Alfredo Boccioletti, ‘Il Resto del Carlino’, 22 novembre 1998
Vincent Ward, regista neozelandese romantico e arcaico, porta ancora una volta lo
spettatore a sperimentare un'immersione
negli esoterici territori dell'aldilà, una
dimensione assai frequentata dal cinema
statunitense degli ultimi anni, secondo una
ricetta visiva che ha ispirato film come
Always e Ghost. Questa volta, nel modo più
archetipico e codificato, la famigliola si
ritrova nientemeno che nei gironi da
Commedia dantesca con cui si vorrebbe ammantare di arte e cultura "alte" questo non
ispirato prodotto hollywoodiano. Eccoci allora dapprima nel Paradiso immaginato dal
generoso dottore che in vita coltivava l'hobby della pittura (e dunque il Paradiso si
mostra della stessa forma di cui sono fatti i sogni del protagonista: un quadro vivente
fatto di tempere e tinture a olio), ma eccoci quindi all'Inferno, dove la moglie suicida
deve scontare nell'eterna claustrofobia del buio tombale la sua mancanza di coraggio
quando due terribili incidenti le strapparono i famigliari. Se l'assunto religioso che fa
da sfondo abbacinante al film non è velato dalla sottigliezza registica come in Always
o, addirittura, in Lubitsch (per cui nel
film di Ward tutto si deve vedere e
niente è soltanto metafora), a salvare il
film potrebbe invece contribuire un
intento
di
sussultante
iperconvenzionalità. Tuttavia Ward
prende sul serio ogni cosa, giocando
con il dramma, le epifanie, i ricordi
melensi, come se avesse letto di
Tarkovski e Kiéslowski sopra un
sussidiario per le elementari. E questo,
con buona pace di chi sa essere il cinema hollywoodiano politicamente e
culturalmente elementare, sotto una prospettiva strettamente sociologica. Per Fortuna,
un simile esercizio, che non disdegna l'attenzione psicoanalitica ("Quando si vince, si
perde"), risulta talmente artificioso da lasciare, assieme alla noia, anche la sensazione
che il cinema può essere grande anche quando è solo artificio.
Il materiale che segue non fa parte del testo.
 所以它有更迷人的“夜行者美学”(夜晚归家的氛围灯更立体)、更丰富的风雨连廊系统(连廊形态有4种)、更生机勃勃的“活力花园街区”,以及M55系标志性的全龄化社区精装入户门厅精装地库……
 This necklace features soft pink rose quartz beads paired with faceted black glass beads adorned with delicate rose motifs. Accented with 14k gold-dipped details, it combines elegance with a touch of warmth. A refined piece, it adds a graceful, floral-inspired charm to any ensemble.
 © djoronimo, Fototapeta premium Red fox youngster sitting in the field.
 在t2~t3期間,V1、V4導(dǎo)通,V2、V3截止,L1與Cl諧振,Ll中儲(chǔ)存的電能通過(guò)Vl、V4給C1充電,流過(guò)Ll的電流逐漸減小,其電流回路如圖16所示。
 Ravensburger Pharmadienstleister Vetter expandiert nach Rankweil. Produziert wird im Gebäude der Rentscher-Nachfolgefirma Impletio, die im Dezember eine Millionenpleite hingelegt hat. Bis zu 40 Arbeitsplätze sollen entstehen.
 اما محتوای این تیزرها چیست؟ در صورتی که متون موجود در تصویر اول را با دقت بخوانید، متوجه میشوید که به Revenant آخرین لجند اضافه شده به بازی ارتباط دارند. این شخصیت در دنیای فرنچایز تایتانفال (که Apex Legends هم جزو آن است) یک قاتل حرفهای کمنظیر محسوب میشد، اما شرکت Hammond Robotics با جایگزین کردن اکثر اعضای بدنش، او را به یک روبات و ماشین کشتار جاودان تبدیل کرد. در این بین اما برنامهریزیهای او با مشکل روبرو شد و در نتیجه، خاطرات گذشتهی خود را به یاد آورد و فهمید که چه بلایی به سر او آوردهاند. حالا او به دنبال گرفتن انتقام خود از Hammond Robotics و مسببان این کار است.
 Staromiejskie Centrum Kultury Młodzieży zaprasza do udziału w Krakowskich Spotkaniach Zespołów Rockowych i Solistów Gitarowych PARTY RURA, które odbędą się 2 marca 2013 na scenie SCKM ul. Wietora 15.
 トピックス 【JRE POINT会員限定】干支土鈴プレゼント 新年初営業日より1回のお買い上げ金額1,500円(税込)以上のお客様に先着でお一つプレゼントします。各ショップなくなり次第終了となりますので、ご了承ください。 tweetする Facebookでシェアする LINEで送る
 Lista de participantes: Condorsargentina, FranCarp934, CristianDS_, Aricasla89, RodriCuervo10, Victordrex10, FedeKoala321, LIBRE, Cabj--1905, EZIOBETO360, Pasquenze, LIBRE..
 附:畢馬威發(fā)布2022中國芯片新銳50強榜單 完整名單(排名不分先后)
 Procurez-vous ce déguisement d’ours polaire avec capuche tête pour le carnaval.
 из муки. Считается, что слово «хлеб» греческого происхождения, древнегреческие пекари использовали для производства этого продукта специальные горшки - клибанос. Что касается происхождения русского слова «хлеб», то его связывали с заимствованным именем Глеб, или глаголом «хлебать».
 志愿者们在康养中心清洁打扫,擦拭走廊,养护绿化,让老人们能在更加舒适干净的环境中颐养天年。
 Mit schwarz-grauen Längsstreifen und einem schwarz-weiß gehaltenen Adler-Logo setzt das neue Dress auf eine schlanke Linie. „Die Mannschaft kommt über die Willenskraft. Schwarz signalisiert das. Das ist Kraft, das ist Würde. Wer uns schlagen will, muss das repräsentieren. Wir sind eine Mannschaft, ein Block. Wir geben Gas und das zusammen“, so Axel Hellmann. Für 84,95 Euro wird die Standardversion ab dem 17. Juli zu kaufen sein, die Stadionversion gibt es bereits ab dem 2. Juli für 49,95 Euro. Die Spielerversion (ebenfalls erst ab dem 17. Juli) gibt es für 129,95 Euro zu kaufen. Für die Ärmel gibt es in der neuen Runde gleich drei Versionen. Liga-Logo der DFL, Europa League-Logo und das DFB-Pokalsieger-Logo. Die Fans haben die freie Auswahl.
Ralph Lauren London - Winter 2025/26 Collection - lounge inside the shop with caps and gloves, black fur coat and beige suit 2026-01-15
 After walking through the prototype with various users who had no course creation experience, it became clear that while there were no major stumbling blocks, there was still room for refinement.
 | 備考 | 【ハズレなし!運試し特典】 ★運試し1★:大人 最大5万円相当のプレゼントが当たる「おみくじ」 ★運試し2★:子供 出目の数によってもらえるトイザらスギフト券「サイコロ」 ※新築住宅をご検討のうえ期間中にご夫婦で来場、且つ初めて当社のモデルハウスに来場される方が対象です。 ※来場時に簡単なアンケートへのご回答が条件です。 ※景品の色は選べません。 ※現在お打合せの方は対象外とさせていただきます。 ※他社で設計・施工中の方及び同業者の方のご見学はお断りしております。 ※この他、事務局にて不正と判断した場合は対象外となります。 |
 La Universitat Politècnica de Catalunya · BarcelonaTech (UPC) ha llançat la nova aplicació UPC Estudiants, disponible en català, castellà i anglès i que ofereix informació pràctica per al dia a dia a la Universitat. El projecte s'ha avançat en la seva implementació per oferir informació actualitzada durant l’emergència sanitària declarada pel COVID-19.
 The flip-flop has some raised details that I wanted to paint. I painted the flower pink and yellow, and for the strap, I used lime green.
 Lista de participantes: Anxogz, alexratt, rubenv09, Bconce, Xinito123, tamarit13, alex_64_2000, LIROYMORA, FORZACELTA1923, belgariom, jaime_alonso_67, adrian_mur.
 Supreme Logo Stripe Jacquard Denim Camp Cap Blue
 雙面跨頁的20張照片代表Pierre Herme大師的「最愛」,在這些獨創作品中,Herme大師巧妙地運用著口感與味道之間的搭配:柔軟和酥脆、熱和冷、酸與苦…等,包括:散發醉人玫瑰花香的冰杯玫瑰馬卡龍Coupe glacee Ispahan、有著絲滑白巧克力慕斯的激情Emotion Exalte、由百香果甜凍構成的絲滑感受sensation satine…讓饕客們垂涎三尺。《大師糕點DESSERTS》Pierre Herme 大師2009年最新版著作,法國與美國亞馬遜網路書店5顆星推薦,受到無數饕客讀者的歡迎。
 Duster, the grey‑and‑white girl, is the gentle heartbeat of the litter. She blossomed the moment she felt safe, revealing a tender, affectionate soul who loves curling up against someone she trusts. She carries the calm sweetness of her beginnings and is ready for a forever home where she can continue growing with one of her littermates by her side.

Ma evidentemente,
non è proprio il caso di Al di là dei sogni, che può essere invece inteso come un
paradossale modello sociologico per comprendere come secondo Hollywood il
cinema sia oggi percepito sempre di più al pari di un teatro della mente circense e
spettacolarizzante, nel quale il reale è ciò che sentiamo, e la vita è arbitraria, proprio
come confessa dinanzi allo specchio la triste vedova Annabella Sciorra. Ma di questo
come di altri temi, ad ogni modo, il film di Ward rimane un contenitore fastidioso e
pacchiano (malgrado il pur misurato Williams e il grandioso Von Sidow).